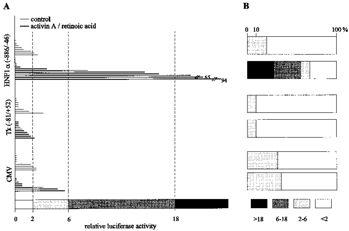 Fig. 6. Activation of the HNF1a gene by either activin A or retinoic
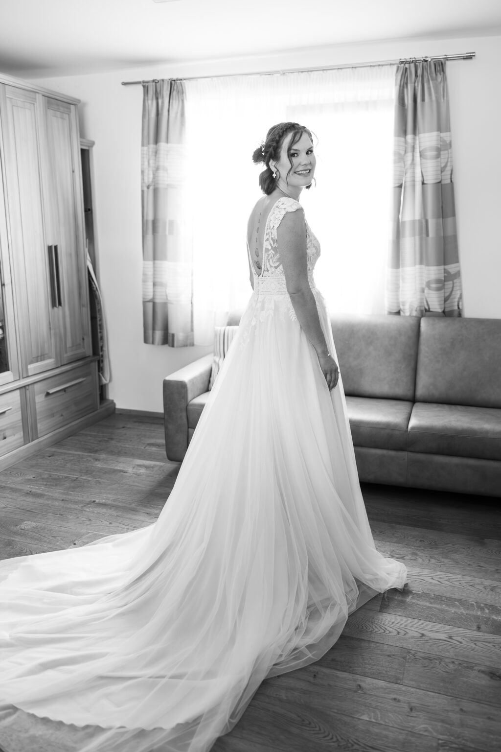 Der Tag begann getrennt: Daniel hat sich zuhause in St. Marienkirchen fertig gemacht – ruhig, konzentriert, mit den besten Kumpels an seiner Seite. Danach bin ich nach Pollham zu Margrets Elternhaus gefahren. Hier war die Stimmung eine ganz andere: aufgeregte Vorfreude, letzte Handgriffe am Kleid, die Mama mit Tränen in den Augen. In diesen Momenten vor der Trauung steckt oft die größte Emotionalität des ganzen Tages – deswegen nehme ich mir hier immer besonders viel Zeit.
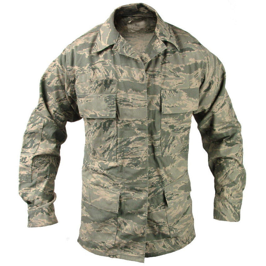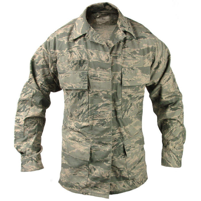 This utility coat features the same camouflage pattern as the Airman Battle Uniform (ABU) of the US Air Force - the digital tiger stripe pattern. Originally the coat began being issued in 2007 for the ground personnel.
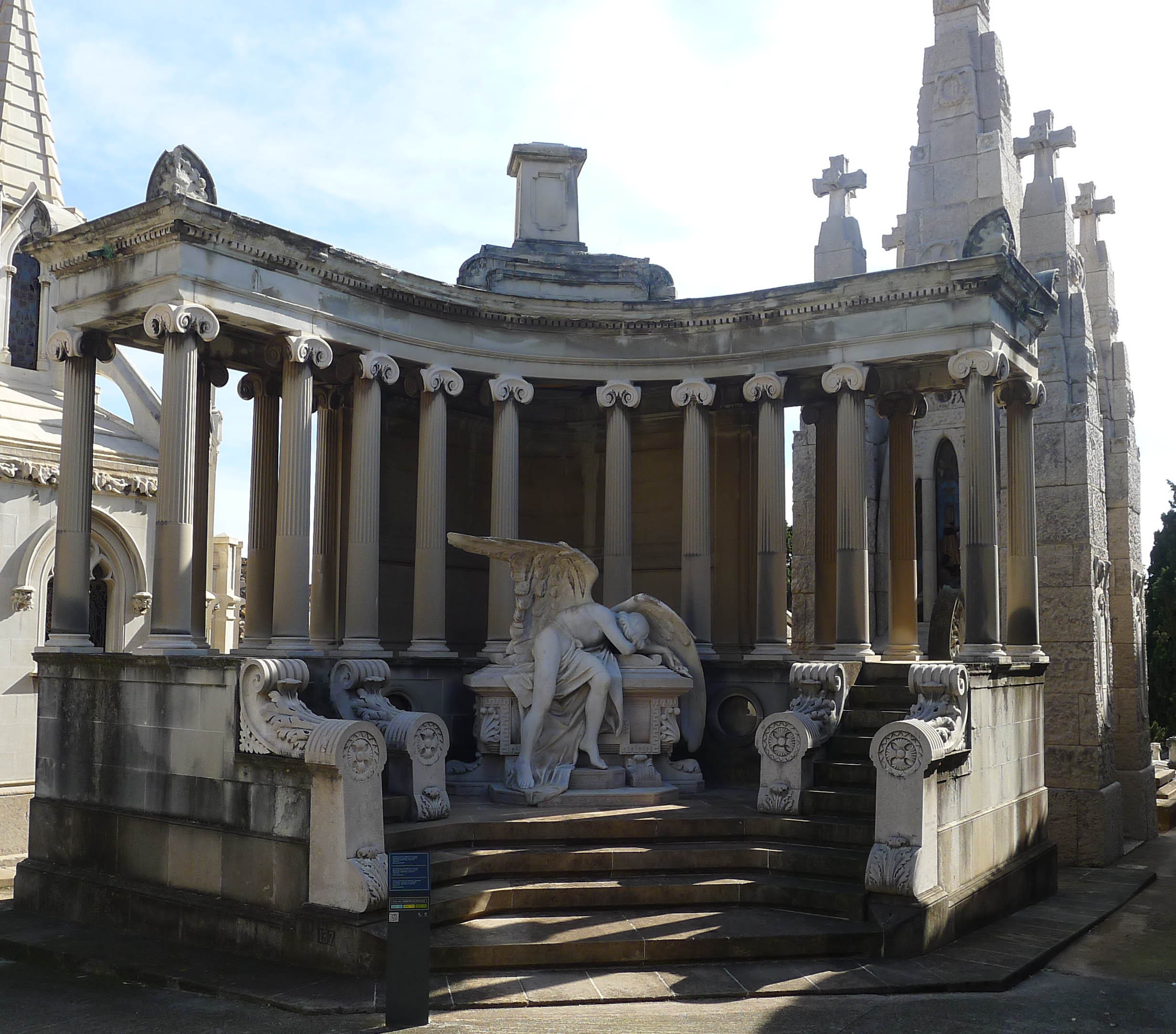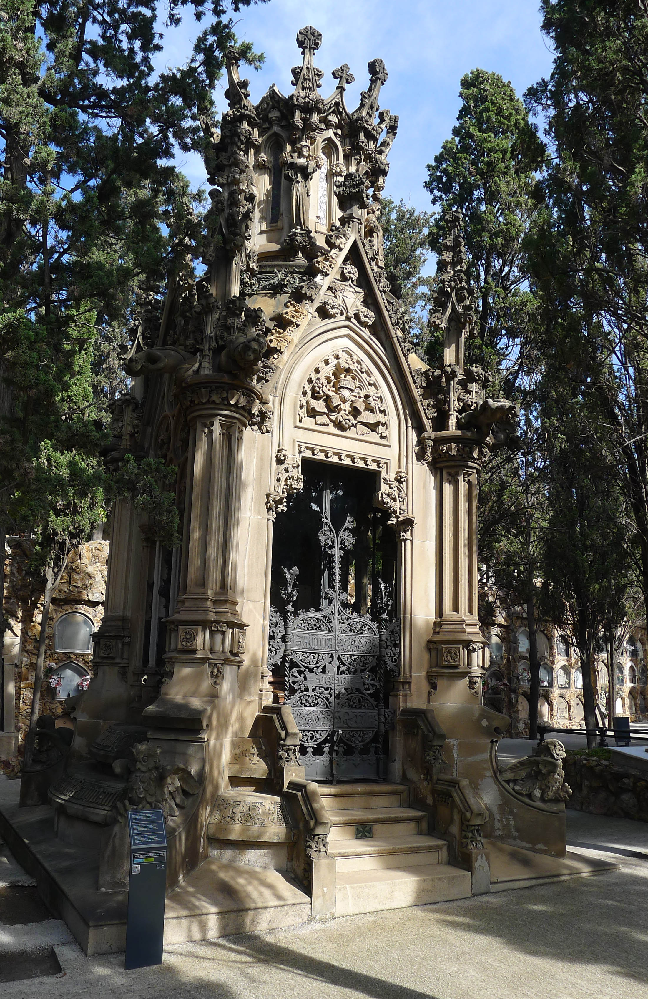 Tot i que hi ha cognoms coneguts, els mausoleus més vistosos no sempre són de personatges il·lustres, tot i que ben segur que son de persones amb força diners. Entre els panteons més sumptuosos hi ha el de la família Amatller, els de les xocolates. És, de fet, una ermita neoromànica ideada per mossèn Josep Gudiol i construïda per l’arquitecte Emili Sala Cortés entre 1911 i 1915. Es van utilitzar 150 m3 de carreus de pedra. Si els Amatller es van decantar pel romànic, el panteó de la Riva és estil neogòtic. Aquesta família va decidir convocar un concurs de projectes per decidir el seu panteó. Va guanyar-lo Antoni Maria Gallissà, que va comptar amb la col·laboració d’escultors com Eusebi Arnau i els germans Juyol, que havien treballat amb Lluís Domènech i Montaner i amb Josep Puig i Cadafalch. Aquest panteó va aixecar-se entre 1892 i 1895 i els diaris de l’època se’n van fer ressò. I és que alguns d’aquests mausoleus són més grans que moltes ermites de poble.
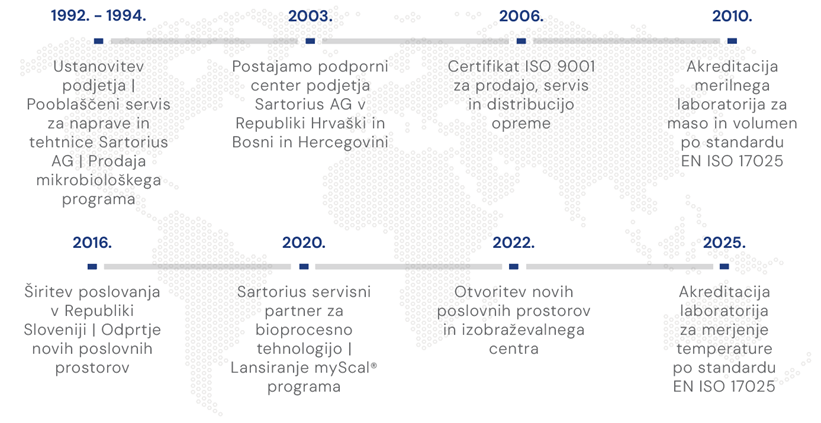 Z razširitvijo proizvodnega asortimana in storitev sta naša prepoznavnost in ugled na trgu nenehno rasla, zato smo leta 2003 postali osrednja točka oziroma podporni center za Sartorius AG na območju Republike Hrvaške in Bosne in Hercegovine. Naše prizadevanje in težnja k brezhibni kakovosti sta bila potrjena leta 2006 s pridobitvijo certifikata ISO 9001 za prodajo, servis in distribucijo opreme za biotehnologijo in mehatroniko (precizne in analitske tehtnice, pipete, dinamične tehtnice, detektorji kovin, industrijske tehtnice, računalniki itd.).
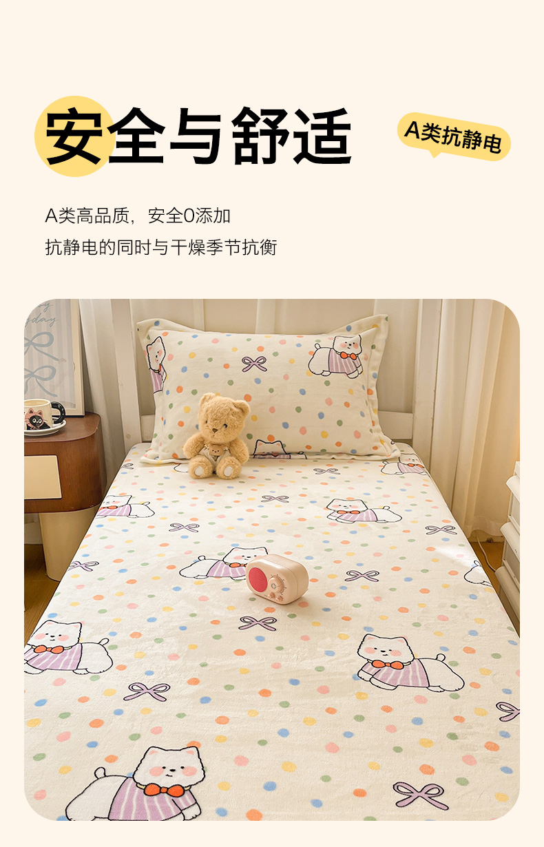 • 91家纺网 家纺一手货源 找家纺 寻米 2025新款高克重加厚保暖牛奶绒床笠-宿舍图 彩虹小狗

----------------

*To do*: Reprint the listing above exactly, without images.

*Finished exercise*:
 Fig. 6. Activation of the HNF1a gene by either activin A or retinoic
 Der Tag begann getrennt: Daniel hat sich zuhause in St. Marienkirchen fertig gemacht – ruhig, konzentriert, mit den besten Kumpels an seiner Seite. Danach bin ich nach Pollham zu Margrets Elternhaus gefahren. Hier war die Stimmung eine ganz andere: aufgeregte Vorfreude, letzte Handgriffe am Kleid, die Mama mit Tränen in den Augen. In diesen Momenten vor der Trauung steckt oft die größte Emotionalität des ganzen Tages – deswegen nehme ich mir hier immer besonders viel Zeit.
 This utility coat features the same camouflage pattern as the Airman Battle Uniform (ABU) of the US Air Force - the digital tiger stripe pattern. Originally the coat began being issued in 2007 for the ground personnel.
 Tot i que hi ha cognoms coneguts, els mausoleus més vistosos no sempre són de personatges il·lustres, tot i que ben segur que son de persones amb força diners. Entre els panteons més sumptuosos hi ha el de la família Amatller, els de les xocolates. És, de fet, una ermita neoromànica ideada per mossèn Josep Gudiol i construïda per l’arquitecte Emili Sala Cortés entre 1911 i 1915. Es van utilitzar 150 m3 de carreus de pedra. Si els Amatller es van decantar pel romànic, el panteó de la Riva és estil neogòtic. Aquesta família va decidir convocar un concurs de projectes per decidir el seu panteó. Va guanyar-lo Antoni Maria Gallissà, que va comptar amb la col·laboració d’escultors com Eusebi Arnau i els germans Juyol, que havien treballat amb Lluís Domènech i Montaner i amb Josep Puig i Cadafalch. Aquest panteó va aixecar-se entre 1892 i 1895 i els diaris de l’època se’n van fer ressò. I és que alguns d’aquests mausoleus són més grans que moltes ermites de poble.
 Z razširitvijo proizvodnega asortimana in storitev sta naša prepoznavnost in ugled na trgu nenehno rasla, zato smo leta 2003 postali osrednja točka oziroma podporni center za Sartorius AG na območju Republike Hrvaške in Bosne in Hercegovine. Naše prizadevanje in težnja k brezhibni kakovosti sta bila potrjena leta 2006 s pridobitvijo certifikata ISO 9001 za prodajo, servis in distribucijo opreme za biotehnologijo in mehatroniko (precizne in analitske tehtnice, pipete, dinamične tehtnice, detektorji kovin, industrijske tehtnice, računalniki itd.).
 • 91家纺网 家纺一手货源 找家纺 寻米 2025新款高克重加厚保暖牛奶绒床笠-宿舍图 彩虹小狗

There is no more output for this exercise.